Охрану в Москве сняли, и сразу же, как по сигналу, — гости! Серафимович, земляк-писатель, казаки Макаров и Слышкин из отдела, да со свертками — чего только нет! А ничего и нет, скудные нынешние пайки из Кремля: вобла, какая-то крупа вроде пшена, но называется «магар», гусиный корм (Макаров тут же сказал, что с этой крупы ни навару, ни вкусу, только и доброго, что горячо!), но еще и академический паек Александра Серафимовича — кусок брынзы, специально для ослабленного тюрьмой и разными размышлениями организма, ведь так или иначе, но придется еще скакать в седле и на тачанке, мало ли в жизни предстоит еще боев и неожиданных атак!
Нет, все-таки чудной и странный народ эти казаки! Право слово.
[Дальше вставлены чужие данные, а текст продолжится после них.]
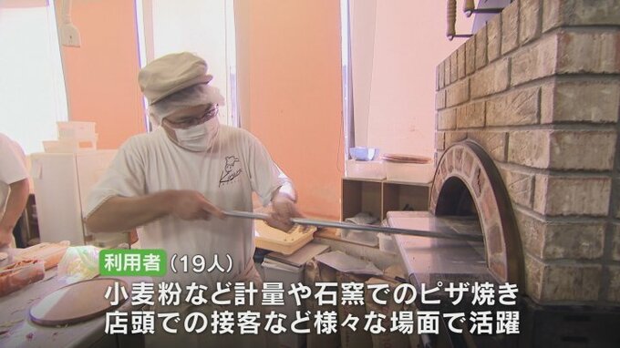 現在の利用者は19人で、緻密さが求められる小麦粉などの計量や石窯でのピザ焼き作業、店頭での接客など様々な場面で活躍しています。
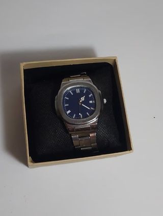 Elegante reloj de pulsera con detalles plateados y esfera azul. Nuevo. - Diseño moderno y sofisticado. - Correa de metal. - Caja de presentación incluida.
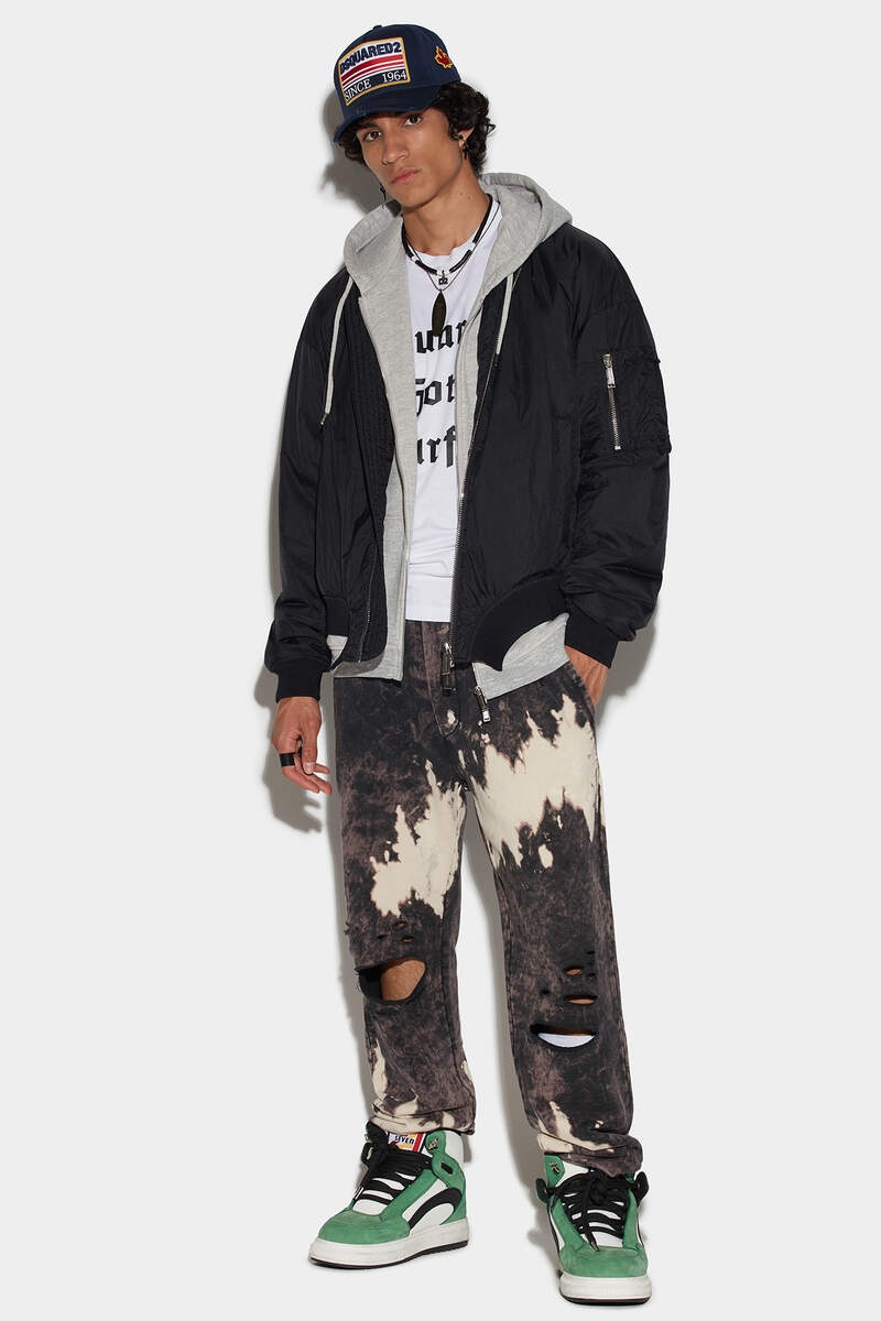 - PRODUCT ID: S74KB0731S25539961 - COTTON FLEECE TROUSERS - BAGGY FIT - TIE-DYE WASH - DESTROYED DETAILING - ELASTICATED WAISTBAND - SIDE POCKETS - RAW-CUT HEMS - REAR "DSQUARED2" PRINT - MADE IN ITALY PRIMARY FABRIC: 100% COTTON. SECONDARY FABRIC: 99% COTTON, 1% ELASTANE-SPANDEX. POCKET LINING: 100% COTTON These bold and rebellious monochrome chill out pants from Dsquared2 are sure to make a statement. The prominent holes and paint splashed give these trousers a gang-inspired aesthetic, while the "DSQUARED2" upside down print on the back adds a touch of edginess. The low-crotched and high-waisted design gives these trousers a trendy, contemporary vibe. Pair them with a graphic t-shirt and sneakers for an urban, effortlessly cool look.
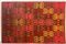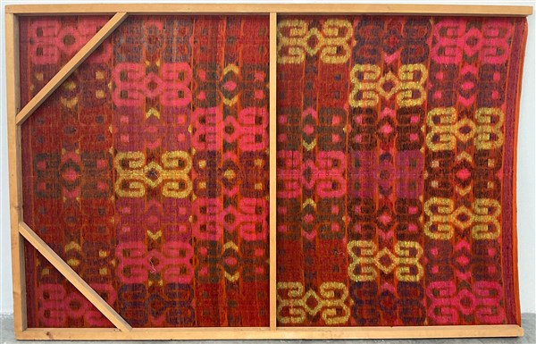 Grande pannello con arazzo tessuto a mano con tecnica jaquard in lana decorato con motivi geometrici ornati in file parallele a formare grandi motivi piramidaliche si differenziano in base alle tinte del filato. Sud America, secolo XX (cm 270x180 ca) (difetti)
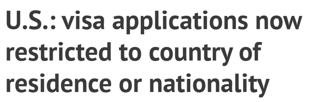 新规意味着,绝大多数的美国非移民签证——如旅游签证、学生签证、工作签证的申请者,必须回到自己的国籍国或长期居住国预约面谈。
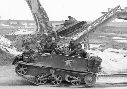 ↑한국전쟁 당시 유니버설 캐리어를 타고 격파된 T-34 옆을 지나는 영국군
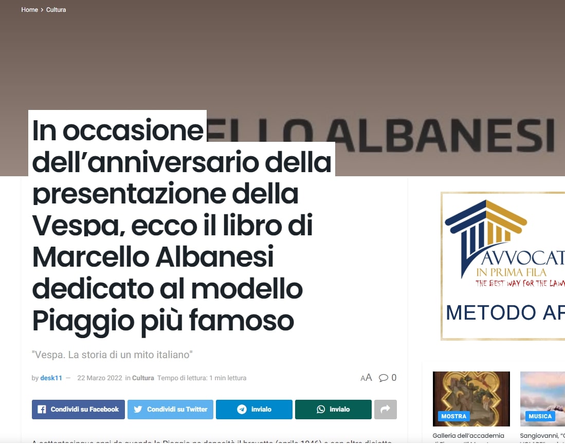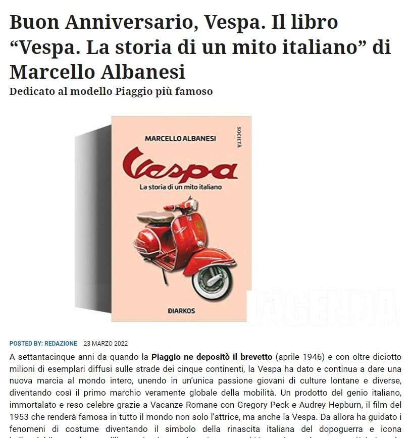 Buon Anniversario, Vespa. Il libro “Vespa. La storia di un mito italiano” di Marcello Albanesi
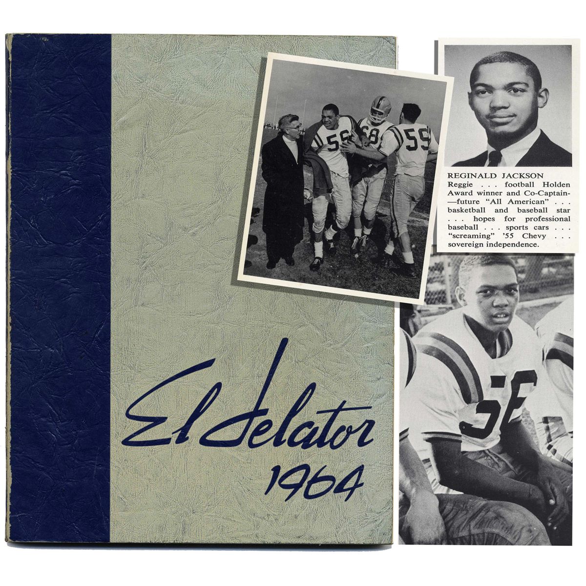 Reggie Jackson 12th grade high school yearbook, including four photographs of Jackson in his sports uniforms, with two ''in-game'' football photos. Also includes a 1.75'' x 2'' senior portrait, labeled ''Reginald Jackson'', followed by a short statement from Jackson reading, ''Reggie...football Holden Award winner and Co-Captain -- future 'All-American'...basketball and baseball star...hopes for professional baseball...sports cars...'screaming' '55 Chevy…sovereign independence.'' Yearbook measures 8.5'' x 11''. Near fine condition.
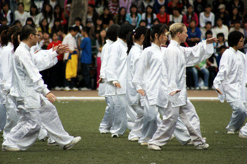 2009级政府奖学金生杨华星(美国)同学担任了太极拳方阵教练。杨教练在指导中,认真负责,态度严谨,技术精湛,得到大家一致的认可。中外学生们克服上课时间不一致等困难,利用节假日和课余时间,虚心学习,互相纠错,共同练习。在一起训练的日子里,来自美国、韩国、比利时、蒙古国、越南、哈萨克斯坦、中国的同学们结下了深厚的友谊。
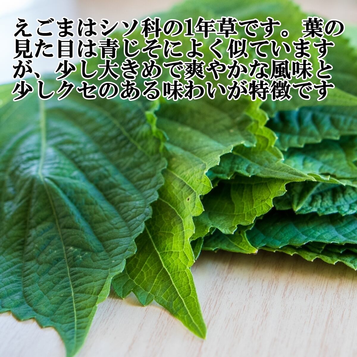 えごまはシソ科の1年草です。葉の見た目は青じそによく似ていますが、少し大きめで爽やかな風味と少しクセのある味わいが特徴です。

Горожане, многие во всяком случае, их считают почему-то гордо-спесивыми, холодными солдафонами, а ведь все по сути наоборот: люди-то все больше незащищенные, разбросанно-распоясанные, хоть узлы из них завязывай! Чуть сошлись вместе, шум, насмешки, взаимные уколы, чепуха всякая, и даже сам Филипп Кузьмич, более собранный и молчаливый по характеру, среди них сразу отмяк душой, и глаза немного повеселели, будто и не было балашовского потрясения. Отчасти и делал вид, что уже все забыл. Такая привычка у всякого военного человека: вскоре забывать подробности недавней схватки, чтобы мог сгодиться к дальнейшим действиям... Только морщины под глазами и между бровей означились резче.
Пили желудевый кофе. Серафимович, совсем уж облысевший старик, размачивал в кружке каменно-твердый сухарь, Макаров пробовал разгрызть такой же сухарь без размачивания, и, казалось, из смеющегося рта у него летели искры. Миронов дурачился:
— Ты, Матвей Яклич, до службы, случаем, не умел граненые стаканы разгрызать на посиделках, ради потехи? Зубы, как я посмотрю, подходящие!
— Ну что вы, Филипп Кузьмич, какие у нас зубы! Шамкаем, как столетние деды, хрящика перекусить не могём. Если уж у кого зубы, так это у льва, царя зверей! Вот животная проклятая, зубастая!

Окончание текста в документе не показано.